What’s frustrating is how narrow the brand of entertainment populism that elevated Game of Thrones to such an exalted plane of cultural significance, and kept it there even as the quality of its storytelling slipped, tends to be. As in the movies, it seldom seems to benefit genres or audiences that aren’t predominantly white and male. There are exceptions: Black Panther. Gone Girl. The Good Wife. But most of the time, even the best genre releases that center underserved demographics rarely get the funding or a priori respect they deserve. Despite constant calls to diversify Hollywood, the assumption that everyone wants to watch white guys and white guys only want to watch themselves is far from dead.
Consider Get Out, which overcame a February release and a budget less than a third the size of one Game of Thrones season 8 episode on its way to becoming a classic “social thriller.” One of HBO’s biggest hits in recent years, the female-focused whodunit Big Little Lies, has the sizable budget that comes with A-list producer-stars like Reese Witherspoon and Nicole Kidman. (Would the adaptation of Liane Moriarty’s novel even have gotten made without them?) Yet plenty of critics initially dismissed it as a glossy soap, failing to see that it uses Lifetime clichés just as smartly and subversively as George R.R. Martin uses fantasy tropes.

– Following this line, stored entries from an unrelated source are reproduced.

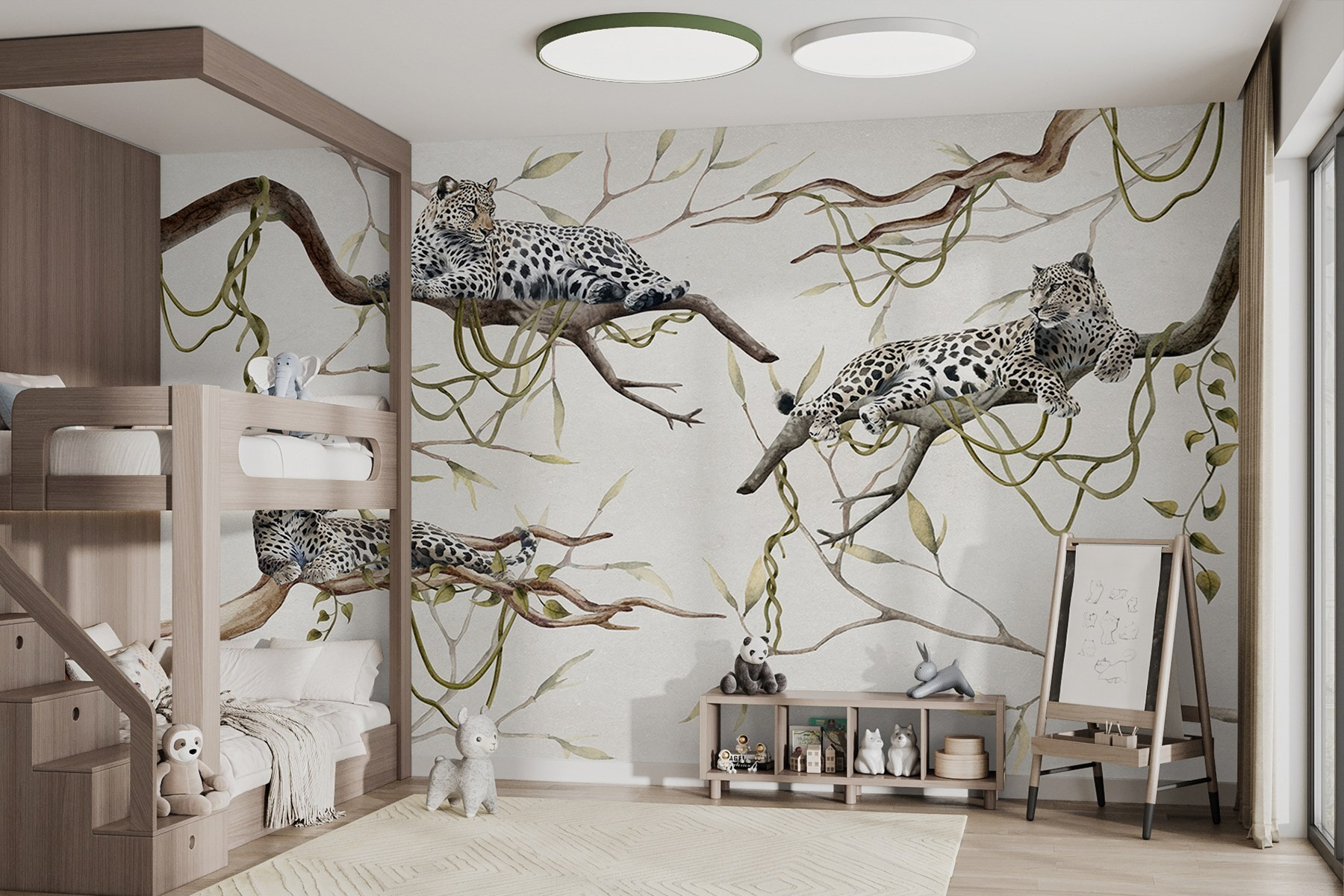 Μεταμορφώστε τον χώρο σας σε μια άγρια όαση με αυτή την εκπληκτική ταπετσαρία τοίχου που απεικονίζει μια ομάδα λεοπαρδάλεων που χαλαρώνουν πάνω σε κλαδιά. Φανταστείτε να μπαίνετε στο δωμάτιο και να νιώθετε την ουσία της φύσης να σας περιβάλλει – αυτά τα απλά μοτίβα με κηλίδες και κομψές πόζες κλέβουν την παράσταση. Ιδανικό για εκείνο το σημείο που χρειάζεται λίγο πνεύμα, ή ίσως για να προκαλέσετε ζήλια στην επόμενη συνάντηση του βιβλιοκλαμπ σας. Είναι σαν να έχετε ένα κομμάτι της ζούγκλας στο σπίτι σας, χωρίς τα κουνούπια. Επιπλέον, ποιος δεν θα ήθελε να ξυπνάει με τέτοια μεγαλοπρεπή πλάσματα; Όλα έχουν να κάνουν με την αρμονική ατμόσφαιρα, σωστά;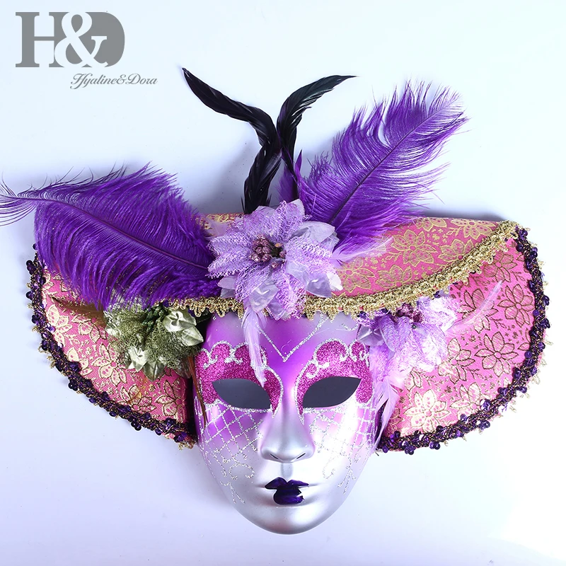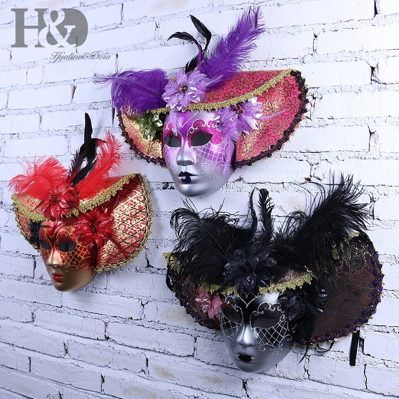 Get H&D 3 Colors Full Face Masquerade Venetian Mask Mardi Gras Dance Costume Hat Resin Mask Aristocrati
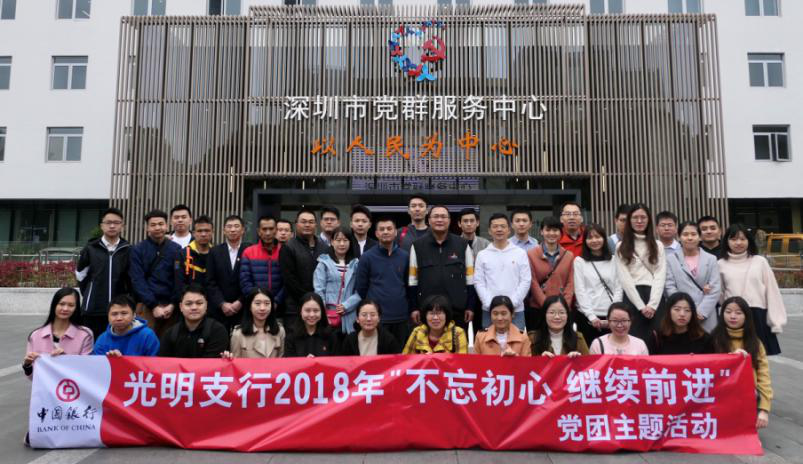 為進(jìn)一步豐富黨團(tuán)組織文化,增強(qiáng)黨員、團(tuán)員干事拼搏、創(chuàng)先爭優(yōu)的意識,提升團(tuán)隊(duì)凝聚力和向心力,12月8日,中國銀行深圳光明支行前往深圳市黨群服務(wù)中心開展“不忘初心繼續(xù)前進(jìn)”黨團(tuán)主題活動,該行轄內(nèi)中共黨員、預(yù)備黨員、發(fā)展對象、積極分子及共青團(tuán)員共計(jì)50余人參加。

As the monoculture of Game of Thrones mania reassembles in anticipation of one last season, the genre show that has crossed my mind most often is Killing Eve. The devilishly smart, fun, layered, female-led spy thriller debuted quietly last spring on BBC America, a channel previously best known for importing Doctor Who. It saw consistent week-over-week audience growth throughout its first season—a rare feat—thanks to a vocal fan base. And after months of muted praise, Eve turned out to be critics’ single favorite series of 2018. This past Sunday, its season two premiere bested its season one finale in the ratings by an impressive 67 percent. In terms of viewership as well as mass-cultural impact, it still doesn’t compare to Game of Thrones. But it’s worth considering that the discrepancy might say more about the biases of check signers and gatekeepers than it does about the quality, relevance or potential widespread appeal of each show.
Of course it’s nice to have a show that can serve as a cultural lingua franca, especially now that Americans of different ages, races, religions, regions, countries of origin, genders, sexualities and education levels so rarely seem to understand each other. Yet I can’t say I’ll really miss that shared experience when all we’re ever talking about is whether an ice dragon can kill a fire dragon and who (if anyone) will end up on the Iron Throne. In any case, amid a TV landscape whose dizzying expansion has fostered scores of “niche” shows that speak to so many different kinds of people, it seems crazy to go to pieces over the loss of Game of Thrones. If the price of variety and visibility is consensus, I’m happy to pay it.